The other difference between the flame-retardant protective composite nonwoven fabric according to the present embodiment and the second embodiment is that: the surface of the side, away from the glass fiber layer 2, of the bamboo charcoal fiber layer 4 is coated with a waterproof coating 6.
The foregoing describes in detail preferred embodiments of the present utility model. It should be understood that numerous modifications and variations can be made in accordance with the concepts of the utility model by one of ordinary skill in the art without undue burden. Therefore, all technical solutions which can be obtained by logic analysis, reasoning or limited experiments based on the prior art by the person skilled in the art according to the inventive concept shall be within the scope of protection defined by the claims.
Claims (7)
1. The flame-retardant protective composite non-woven fabric is characterized by comprising a spunlaced non-woven base layer (1), wherein one side of the spunlaced non-woven base layer (1) is compounded with a glass fiber layer (2) through a flame-retardant adhesive; the other side of the spunlaced non-woven base layer (1) is compounded with the spunlaced non-woven surface layer (3) through a flame-retardant adhesive;
the fibers used by the spunlaced nonwoven base layer (1) and the spunlaced nonwoven surface layer (3) are flame-retardant polyester fibers; the visible light catalyst particles are attached to the surface of the flame-retardant polyester fiber used for the spunlaced nonwoven surface layer (3);
and one side of the glass fiber layer (2) far away from the spunlaced non-woven base layer (1) is compounded with the bamboo charcoal fiber layer (4) through a flame-retardant adhesive.
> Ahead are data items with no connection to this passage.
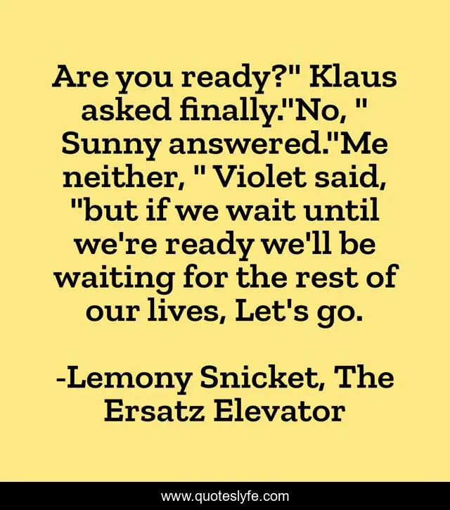 This page presents the quote "Are you ready?" Klaus asked finally."No, " Sunny answered."Me neither, " Violet said, "but if we wait until we're ready we'll be waiting for the rest of our lives, Let's go.". Author of this quote is Lemony Snicket, The Ersatz Elevator. This quote is about waiting, courage, ersatz-elevator, lemony-snicket,.
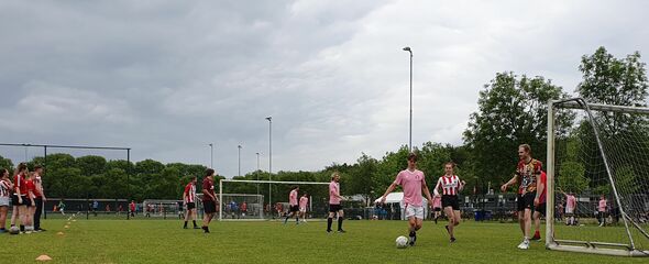 The sun hides behind a layer of clouds, but the grass is dry. Team ‘Zoveel vragen’ faces ‘The Untouchaballs,’ and ‘Groetjes Thuis’ competes against ‘Gewoon degelijke nasi.’ The 5x5 tournament is reminiscent of the Intro. There are groups of students everywhere, some of whom are wearing funny outfits. Very short skirts, tiaras and wings: check. But most students are dressed in soccer shirts. There’s a team dressed in pink Hajraa shirts. “We are very competitive, but we aren’t that well prepared for a soccer event,” the volleyball players say. “Beer is our warming up and we’ll see what happens next.” It turns out to be a successful strategy, because they beat the ‘WijSturenJeInHetBosman’ team 3-0 during the first round, which lasts fifteen minutes.
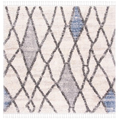 Berber Fringe Shag BFG516 Power Loomed Indoor Area Rug - Navy/Ivory - 6'7"x6'7" - Safavieh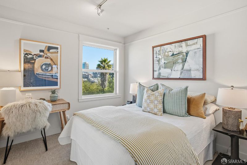 Tucked away at the peaceful back of the building, this top-floor, end-unit condo offers a level of privacy that is hard to find in one of the city's most dynamic corridors: Valencia Street. Inside, the open floor plan creates an airy living/dining area for relaxation or entertaining, complete with views of Sutro Tower. The kitchen boasts a gas stove and stainless appliances, opening seamlessly to the living room. to keep you part of the conversation. Two generous bedrooms feature ample closet space, new carpeting and paint. Strategically separated by a bathroom, these rooms offer the ultimate layout for privacy and comfort. With an in-unit washer/dryer, an oversized storage unit for all your gear, the convenience of an elevator and a premier parking spot, this home handles the logistics of city living so you can focus on the lifestyle. Enjoy a shared courtyard with multiple lounge areas, outdoor dining, and a grill perfect for relaxed open-air gatherings. Just outside your door, Valencia Street's endless lineup of world-class cafs, restaurants and boutiques await. Easy access to public transit, tech shuttles, and Dolores Park, Duboce Park, and Hayes Valley and make this location as convenient as it is connected. Experience the perfect blend of quiet comfort and urban excitement.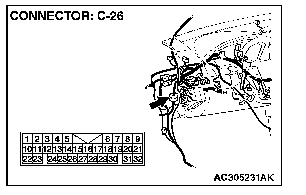 NOTE: Also check intermediate connector C-26 for loose, corroded, or damaged terminals, or terminals pushed back in the connector. If intermediate connector C-26 is damaged, repair or replace the connector as described in Harness Connector Inspection.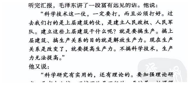 從這段話可以看出:一是毛主席非常注重科學技術(shù)!搞科學技術(shù)的目的就是提高生產(chǎn)力!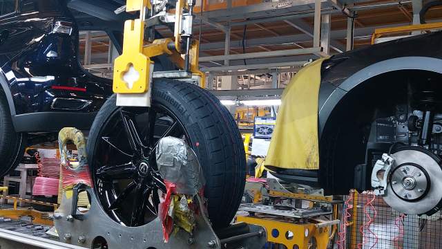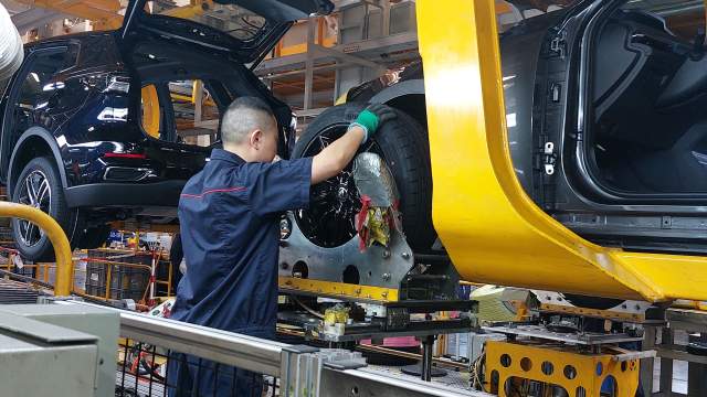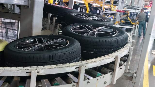 В России и Changan в настоящее время предлагает 15 моделей, от скромного седана Alsvin, аналога «Соляриса» и «Рио», до современной линейки UNI, куда входят два кроссовера и один спортивный лифтбек. Нам показали производство двух моделей — Changan CS55 Plus и UNI-V. Процесс максимально автоматизирован — цех сварки на 94%, сборки — на 80%. Людей немного, они в основном занимаются мелкими операциями. Вот специальный робот достает скатывающиеся по серпантину колеса и приставляет к ступицам автомобиля — работнику лишь остается закрутить гайки. В цехах чисто, а едущие по конвейеру кузова собраны аккуратно и ровно окрашены.
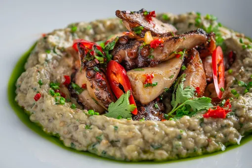 Это было одно из самых ярких впечатлений на самоизоляции – клянусь! Здесь немало вкусных блюд, но этот огромный осьминог, которого здесь готовят целиком – это бомба и абсолютный must try. Его томят в белом вине с пряными средиземноморскими травами или пекут в дровяной печи. А еще надо брать из нового осеннего меню томатный суп с маринованными морепродуктами (650 руб.), гирос с мраморной говядиной (850 руб.), а также нежное филе рыб (950 руб.) – дорада, сибас и пагр в соусе авголемоно.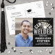 Share the joy of a welding school graduation and invite family and friends to celebrate with custom photo "Certified Welder" announcements. The picture and all wording on this template are simple to personalize with any details of your choice, including graduate name, class year, party invitation info, welder certification, degree title, favorite inspirational quote or plans for the future. The black and white design features a welding torch with sparks, a faux stainless steel mortar board, modern bold typography, and one photo of your choice. Please note that silver graduation cap is printed color, not metallic foil. These stylish graduation announcement cards are an elegant way to share a special day celebration with family and friends. Congratulations to the graduate!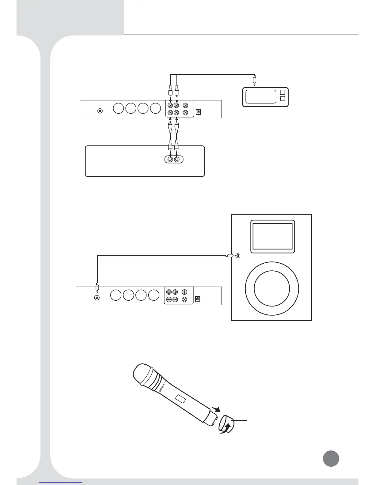 1/4 inch Jack Plug out of back of WM340 to mic input on Karaoke Machine.

2. The flame-retardant protective composite non-woven fabric according to claim 1, wherein the surface of the side of the spunlaced non-woven base layer (1) far away from the glass fiber layer (2) is provided with a microporous sound-absorbing film layer (5).
3. The flame-retardant protective composite nonwoven fabric according to claim 2, wherein the microporous sound-absorbing film layer (5) is an expanded polytetrafluoroethylene film layer or an expanded polytetrafluoroethylene modified film layer.
4. The flame retardant and protective composite nonwoven fabric according to claim 1, wherein the glass fiber layer (2) is a glass fiber needled nonwoven fabric.
5. The flame-retardant protective composite non-woven fabric according to claim 1, wherein nano zinc oxide is attached to the surface of flame-retardant polyester fiber used for the spunlaced non-woven base layer (1).
6. The flame-retardant protective composite non-woven fabric according to claim 1, wherein a waterproof coating (6) is coated on the surface of one side of the bamboo carbon fiber layer (4) far away from the glass fiber layer (2).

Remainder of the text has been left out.